Manage rules dynamically with the `restate rules` CLI commands.
`set` is idempotent: it creates a rule if it doesn't exist, or merges into the existing values, preserving fields you don't touch.

```bash theme={null}
# Set a default of 1000 concurrent invocations per scope, plus a tighter
# 50-concurrency cap for the "checkout" scope.
restate rules set "*" --concurrency 1000 --description "global default"
restate rules set "checkout" --concurrency 50

# Inspect what's configured
restate rules list                # one row per rule
restate rules list --extra        # also shows description, version, last-modified

# Soft-disable or re-enable a rule without losing its definition
restate rules disable "checkout"
restate rules enable  "checkout"

# Remove the checkout rule again
restate rules delete "checkout"
```

Run `restate rules --help` for the full set of options.

## Applying concurrency limits

To make an invocation count against a scope's concurrency limit, send it through a scoped ingress endpoint under the reserved `/restate/scope/` prefix:

```
# Scoped service calls
POST /restate/scope/{scopeKey}/call/{service}/{handler}
POST /restate/scope/{scopeKey}/call/{service}/{key}/{handler}
POST /restate/scope/{scopeKey}/send/{service}/{handler}
POST /restate/scope/{scopeKey}/send/{service}/{key}/{handler}
```

Add the `{key}` segment for Virtual Objects and Workflows; omit it for basic Services.
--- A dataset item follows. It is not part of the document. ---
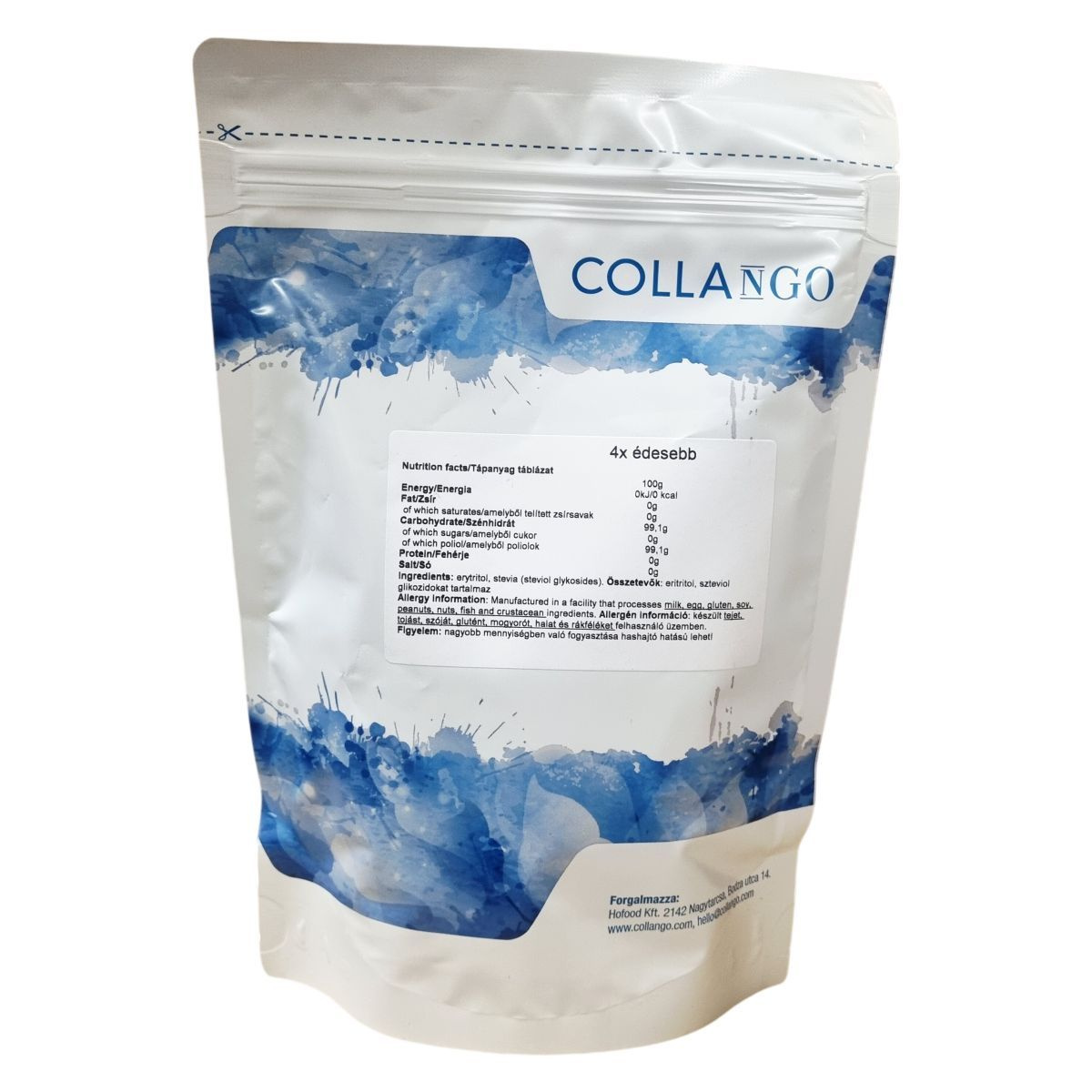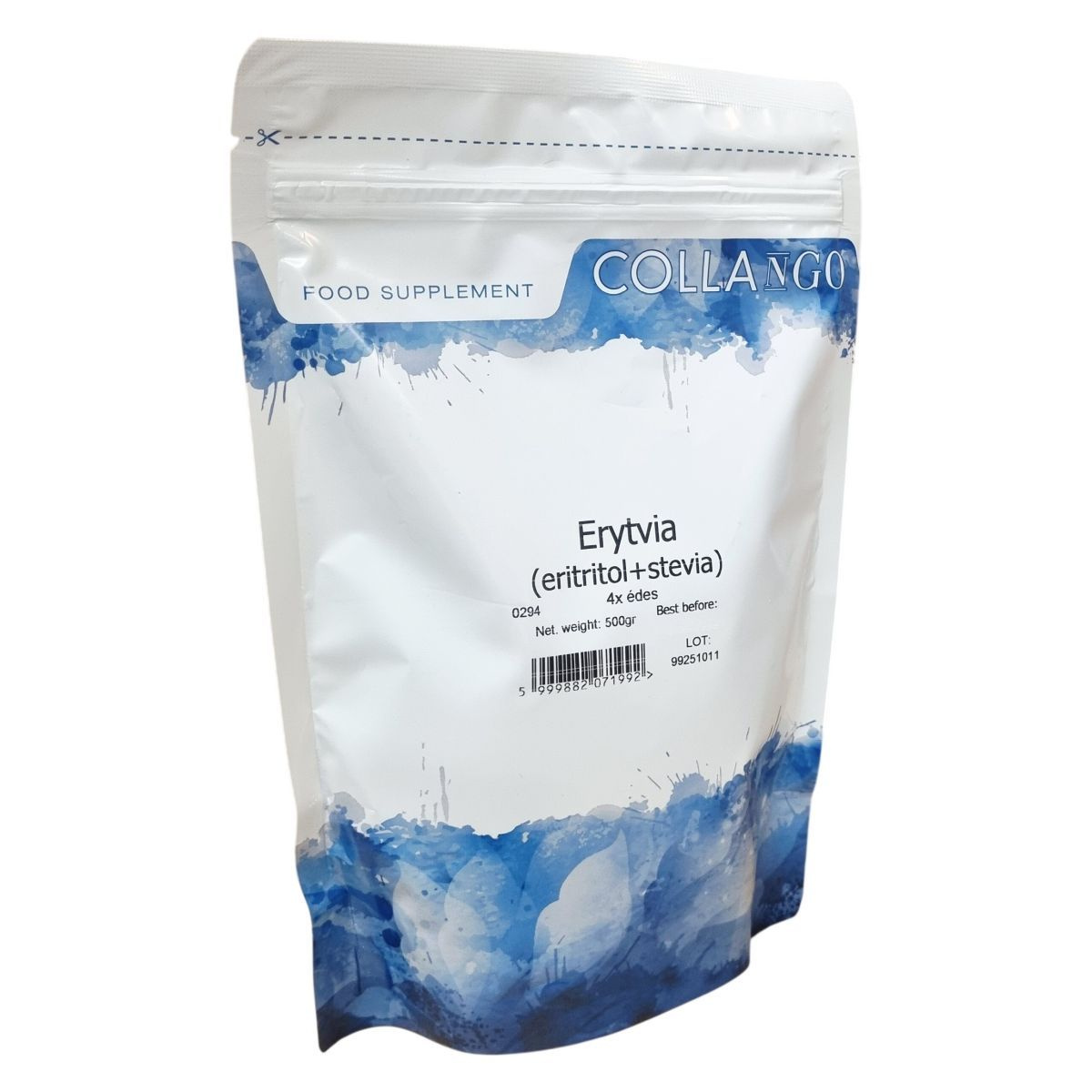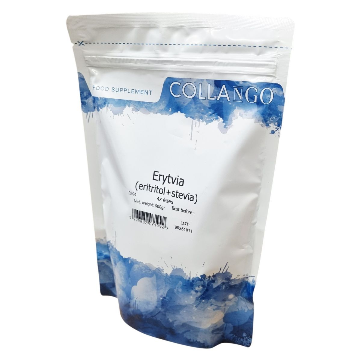 A COLLANGO Erytvia egy édesítőszer, mely eritritol és sztéviaglikozidok keveréke. Termékkódja 0294, és négyszer édesebb a hagyományos cukornál. Nettó tömege 500 gramm. A termék csomagolásán található egy LOT szám: 99251011. Az édesítőszert kizárólag táplálékkiegészítőként kínálják.

For example, to invoke `checkout` of `OrderService` under the `checkout` scope:

```shell theme={null}
curl localhost:8080/restate/scope/checkout/call/OrderService/checkout \
  --json '{"orderId": "order-123"}'
```

Matching invocations are throttled to the configured `concurrency` and held in their queue until a slot frees up.

<Info>
  Invocations sent through the non-scoped endpoints (`/restate/call/...` and `/restate/send/...`) are not subject to any scope-based limit.
  See [HTTP invocation](/services/invocation/http) for the full set of ingress endpoints.
</Info>

## Observing flow control

When flow control is enabled, several SQL system tables let you inspect the scheduler, queues, and concurrency limits directly:

| Table             | What it shows                                                                                                                                |
| ----------------- | -------------------------------------------------------------------------------------------------------------------------------------------- |
| `sys_rules`       | The configured rule book: one row per rule with its pattern, concurrency limit, description, disabled flag, version, and last-modified time. |
| `sys_user_limits` | Per-scope concurrency counters: current usage, configured limit, available capacity, and the matching rule pattern.                          |
| `sys_vqueues`     | One row per entry across all queue stages, with its status, attempt counters, and lifecycle timestamps.                                      |
| `sys_vqueue_meta` | Aggregate statistics per queue: scope, service name, per-stage entry counts, and timing averages.                                            |
| `sys_scheduler`   | Real-time scheduler state for each queue's head entry: queue depth, scheduler status, and what it is blocked on.                             |

These tables are populated only when flow control is enabled.
See [introspection](/services/introspection) for how to query the system tables.